Sometimes it's desirable to break a set of rows into subgroups and summarize each group. Do this by using aggregate functions in conjunction with a GROUP BY clause. To determine the number of messages per sender, group the rows by sender name, count how many times each name occurs, and display the names with the counts:

mysql> SELECT srcuser, COUNT(*) FROM mail     -> GROUP BY srcuser; +---------+----------+ | srcuser | COUNT(*) | +---------+----------+ | barb    |        3 | | gene    |        6 | | phil    |        5 | | tricia  |        2 | +---------+----------+

That query summarizes the same column that is used for grouping (srcuser), but that's not always necessary. Suppose that you want a quick characterization of the mail table, showing for each sender listed in it the total amount of traffic sent (in bytes) and the average number of bytes per message. In this case, you still use the srcuser column to place the rows in groups, but the summary functions operate on the size values:

mysql> SELECT srcuser,     -> SUM(size) AS 'total bytes',     -> AVG(size) AS 'bytes per message'     -> FROM mail GROUP BY srcuser; +---------+-------------+-------------------+ | srcuser | total bytes | bytes per message | +---------+-------------+-------------------+ | barb    |      156696 |        52232.0000 | | gene    |     1033108 |       172184.6667 | | phil    |       18974 |         3794.8000 | | tricia  |     2589407 |      1294703.5000 | +---------+-------------+-------------------+

Use as many grouping columns as necessary to achieve as fine-grained a summary as you require. The earlier query that shows the number of messages per sender is a coarse summary. To be more specific and find out how many messages each sender sent from each host, use two grouping columns. This produces a result with nested groups (groups within groups):

mysql> SELECT srcuser, srchost, COUNT(srcuser) FROM mail     -> GROUP BY srcuser, srchost; +---------+---------+----------------+ | srcuser | srchost | COUNT(srcuser) | +---------+---------+----------------+ | barb    | saturn  |              2 | | barb    | venus   |              1 | | gene    | mars    |              2 | | gene    | saturn  |              2 | | gene    | venus   |              2 | | phil    | mars    |              3 | | phil    | venus   |              2 | | tricia  | mars    |              1 | | tricia  | saturn  |              1 | +---------+---------+----------------+

The preceding examples in this section have used COUNT⁠(⁠ ⁠ ⁠), SUM⁠(⁠ ⁠ ⁠), and AVG⁠(⁠ ⁠ ⁠) for per-group summaries.

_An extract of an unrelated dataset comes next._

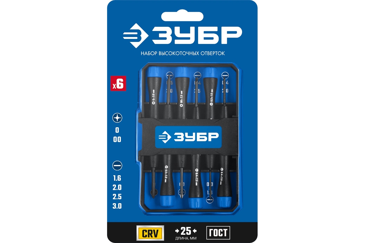 Зубр 25658-Н6 набор отвёрток для точных работ 6 предметов TX-6 Профессионал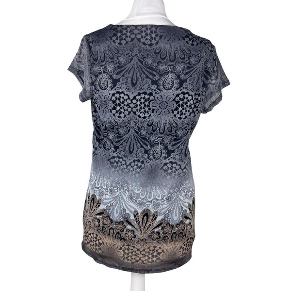 Grey & brown vintage print top with V-neckline and cap sleeves

You can use MIN⁠(⁠ ⁠ ⁠) or MAX⁠(⁠ ⁠ ⁠), too. With a GROUP BY clause, they will tell you the smallest or largest value per group. The following query groups mail table rows by message sender, displaying for each the size of the largest message sent and the date of the most recent message:

mysql> SELECT srcuser, MAX(size), MAX(t) FROM mail GROUP BY srcuser; +---------+-----------+---------------------+ | srcuser | MAX(size) | MAX(t)              | +---------+-----------+---------------------+ | barb    |     98151 | 2006-05-14 14:42:21 | | gene    |    998532 | 2006-05-19 22:21:51 | | phil    |     10294 | 2006-05-17 12:49:23 | | tricia  |   2394482 | 2006-05-14 17:03:01 | +---------+-----------+---------------------+

You can group by multiple columns and display a maximum for each combination of values in those columns. This query finds the size of the largest message sent between each pair of sender and recipient values listed in the mail table:

mysql> SELECT srcuser, dstuser, MAX(size) FROM mail GROUP BY srcuser, dstuser; +---------+---------+-----------+ | srcuser | dstuser | MAX(size) | +---------+---------+-----------+ | barb    | barb    |     98151 | | barb    | tricia  |     58274 | | gene    | barb    |      2291 | | gene    | gene    |     23992 | | gene    | tricia  |    998532 | | phil    | barb    |     10294 | | phil    | phil    |      1048 | | phil    | tricia  |      5781 | | tricia  | gene    |    194925 | | tricia  | phil    |   2394482 | +---------+---------+-----------+

When using aggregate functions to produce per-group summary values, watch out for the following trap, which involves selecting nonsummary table columns not related to the grouping columns. Suppose that you want to know the longest trip per driver in the driver_log table. That's produced by this query:

mysql> SELECT name, MAX(miles) AS 'longest trip'     -> FROM driver_log GROUP BY name; +-------+--------------+ | name  | longest trip | +-------+--------------+ | Ben   |          152 | | Henry |          300 | | Suzi  |          502 | +-------+--------------+

But what if you also want to show the date on which each driver's longest trip occurred? Can you just add TRav_date to the output column list? Sorry, that won't work:

mysql> SELECT name, trav_date, MAX(miles) AS 'longest trip'     -> FROM driver_log GROUP BY name; +-------+------------+--------------+ | name  | trav_date  | longest trip | +-------+------------+--------------+ | Ben   | 2006-08-30 |          152 | | Henry | 2006-08-29 |          300 | | Suzi  | 2006-08-29 |          502 | +-------+------------+--------------+

The query does produce a result, but if you compare it to the full table (shown following), you'll see that although the dates for Ben and Henry are correct, the date for Suzi is not:

+--------+-------+------------+-------+ | rec_id | name  | trav_date  | miles | +--------+-------+------------+-------+ |      1 | Ben   | 2006-08-30 |   152 |     Bens longest trip |      2 | Suzi  | 2006-08-29 |   391 | |      3 | Henry | 2006-08-29 |   300 |     Henrys longest trip |      4 | Henry | 2006-08-27 |    96 | |      5 | Ben   | 2006-08-29 |   131 | |      6 | Henry | 2006-08-26 |   115 | |      7 | Suzi  | 2006-09-02 |   502 |     Suzis longest trip |      8 | Henry | 2006-09-01 |   197 | |      9 | Ben   | 2006-09-02 |    79 | |     10 | Henry | 2006-08-30 |   203 | +--------+-------+------------+-------+

So what's going on? Why does the summary statement produce incorrect results? This happens because when you include a GROUP BY clause in a query, the only values that you can select are the grouped columns or summary values calculated from the groups. If you display additional table columns, they're not tied to the grouped columns and the values displayed for them are indeterminate. (For the statement just shown, it appears that MySQL may simply be picking the first date for each driver, regardless of whether it matches the driver's maximum mileage value.)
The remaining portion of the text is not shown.